Время замирает, и все, что для меня сейчас имеет значение — это одно слово, звучащее победным гимном в моей душе. Высший... Высший эорд... Повелитель... Как долго я ждал... Как много сил я сложил на алтарь власти. Сколько жизней я забрал, чтобы получить это право стать правителем Оддегиры. Сладкий миг — идти по дороге судеб и видеть, как падают на колени те, кто вчера хотел вставить тантор мне в спину. Когда я выйду из храма, пески под моими ногами станут серебряными, возвещая мою власть над ними. Никто из них больше не станет на пути к моей цели, той, ради которой я все это затеял...Эктраль моя... В моей полной и нераздельной власти, и когда она завершит заданный цикл, я открою врата и сдержу данную тебе клятву, отец...
— Хочешь ли ты знать свое будущее, высший? — вопрос Шаа выдергивает из полудремы опутавшей меня эйфории.
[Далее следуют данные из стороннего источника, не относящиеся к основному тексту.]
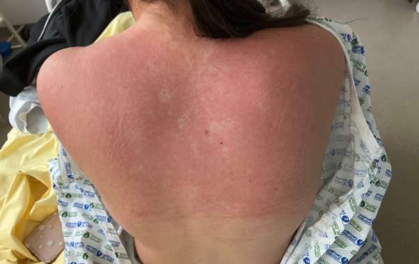 Vous recevez aux urgences cette jeune patiente de 25 ans, sans antécédent, à son retour de voyage aux Antilles, au cours duquel elle a fait de la plongée et du rafting en eau douce. Il y a 5 jours, elle a eu un syndrome pseudogrippal avec fièvre à 39,8 °C, arthromyalgies et céphalées. Depuis ce matin, elle a le rash visible sur la photo ci-dessous.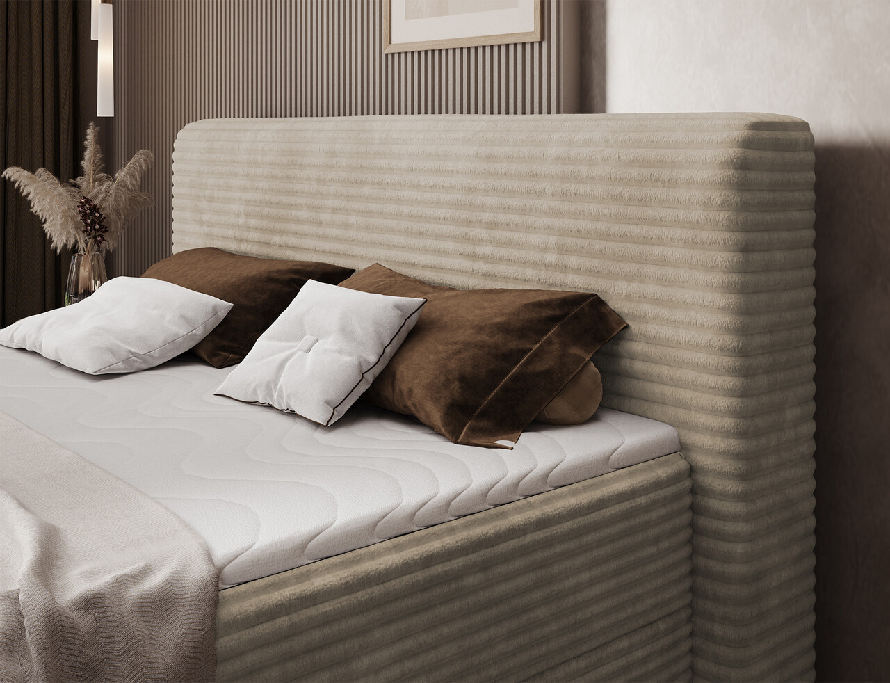 Patul continental Cortiko este o alegere eleganta si confortabila pentru iubitorii stilului modern. Disponibil in trei variante de dimensiuni: 140x200 cm, 160x200 cm si 180x200 cm, permite ajustarea perfecta a latimii – 162 cm, 182 cm sau 202 cm. Inaltimea totala a patului este de 102 cm, iar adancimea de 222 cm, oferind o structura stabila si echilibrata. Combinatia dintre arcurile Bonell si spuma T2540 asigura un suport excelent pentru corp si un confort ridicat in timpul somnului. Modelul Cortiko este echipat cu un compartiment practic pentru depozitarea lenjeriei care ajuta la mentinerea ordinii si la utilizarea eficienta a spatiului din dormitor. Picioarele negre din lemn completeaza designul, adaugand eleganta si lejeritate. Cu un design modern, patul Cortiko se potriveste perfect atat in interioare minimaliste, cat si in amenajari mai expresive, devenind un element stilat si functional al oricarui dormitor.Compozitie materialMaterial tapiterie: 100% poliester (tesatura primara Modullo 18).Material cadru: lemn de pinUmplutura sezut: spuma T2540, arcuri BonellGrosime topper: 4 cmUmplutura spatar: spuma T2130Picioare din lemn de culoare neagra.Informatii si dimensiuni specificeInaltime sezut: 56 cmInaltime picioare: 10 cmGreutatea maxima suportata: 260 kgCompartiment depozitare: 2Dimensiuni compartiment depozitare: 182x86x15 cmSuprafata de dormit: 180x200 cmProdusul necesita asamblare.

Хочу ли я? А зачем я вообще сюда пришел?
— Ты знаешь, чего я хочу, Шаа, — подхожу вплотную к краю чаши, так что теперь глаза прорицателя, не мигая, смотрят в мои. — Я хочу вернуть себе все то, что у меня отняли...
— Тебе нет равных, высший, — вязкий шепот Шаа ползет по моей коже словно паук, осторожно переставляя свои тонкие лапки. — Но... зенит твоей звезды на исходе, Ярл. Ты отдашь всю свою силу и власть Нарийцу, эорд.
Не могу поверить... Я отрешенно смотрю на пляшущие на стенах яркие блики света. Этого не может быть! Нария — примитивный мир третьего уровня... кажется, на моем столе лежат бумаги... правитель Арзаров собрался взять в жены наследную тэйру Нарии, и как только брак будет скреплен, Нария станет для меня неприкосновенной, войдя в Альянс Ррайд. Но пока свадьба не состоялась и квард эордов не видел документов, значит, я вправе...
— Ты ошибся, Шаа. Я сам плету нить своей жизни, и я не буду столь глуп, чтобы смиренно ждать, пока существо низшей расы придет и заберет у меня то, к чему я шел столько лун, — резко развернувшись, я стремительно направился к выходу, упиваясь нахлынувшей на меня яростью. Все же хоть какое-то чувство. Лучше, чем бесконечная стылая пустота.
Двери храма распахнулись, и я сделал шаг вперед, уверенно ступая на жемчужное покрывало дороги. Пески под моими ногами медленно стали темнеть, оплавляясь по кругу серебряной лужей, затем выгнулись дугой и потекли ускользающей вдаль сверкающей рекой. В воздух в едином порыве взметнулись сотни пылающих факелов, осыпая вокруг себя дождь из золотых искр. Звенящую тишину внезапно взорвал торжественный гул барабанов и оглушающий рев тысяч ликующих голосов, приветствующих нового правителя — Ярла Риггарда Харра.
Сегодня я не стану портить им праздник, этой ночью они будут пить и веселиться, прославляя своего повелителя и господина, а завтра... Завтра я призову своих воинов и поведу их покорять мир, создающий угрозу Оддегире. Завтра я уничтожу Нарию.
— Повелитель, — Сарус опускается предо мной на песок, склоняя голову и касаясь рукой моих одежд.
— Встань. В твоей верности я не сомневаюсь, — я хлопаю верного друга по плечу в ответ на его радостную улыбку. — Ты мне понадобишься завтра. Отныне ты моя правая рука и командующий армией. Утром все войска должны быть в полной боевой готовности.
Он удивленно распахивает глаза. Еще бы — с тех пор, как Оддегиры подписали договор с мирами спектра Ррайд, армия ни разу не выступала с боевыми действиями.
— Нам готовиться к войне? Альянс что-то затевает?
— Нет, дружище, это будет быстрая победа. Мы пойдем на мир, не входящий в лигу.
— Повелитель, — в глазах Саруса загорается алчный блеск охотника, почуявшего дичь, — Оружие оддегиров залежалось в ножнах, воины будут довольны: много рабов, много трофеев.
— Запомни сам, Сарус, и предупреди солдат: рабов в этот раз не будет. Они могут брать все, что угодно — золото, драгоценности, артефакты, еду, оружие, но не пленников. Нарийцы должны быть уничтожены все до единого. Мне было предсказание Шаа, они угроза для Оддегиры.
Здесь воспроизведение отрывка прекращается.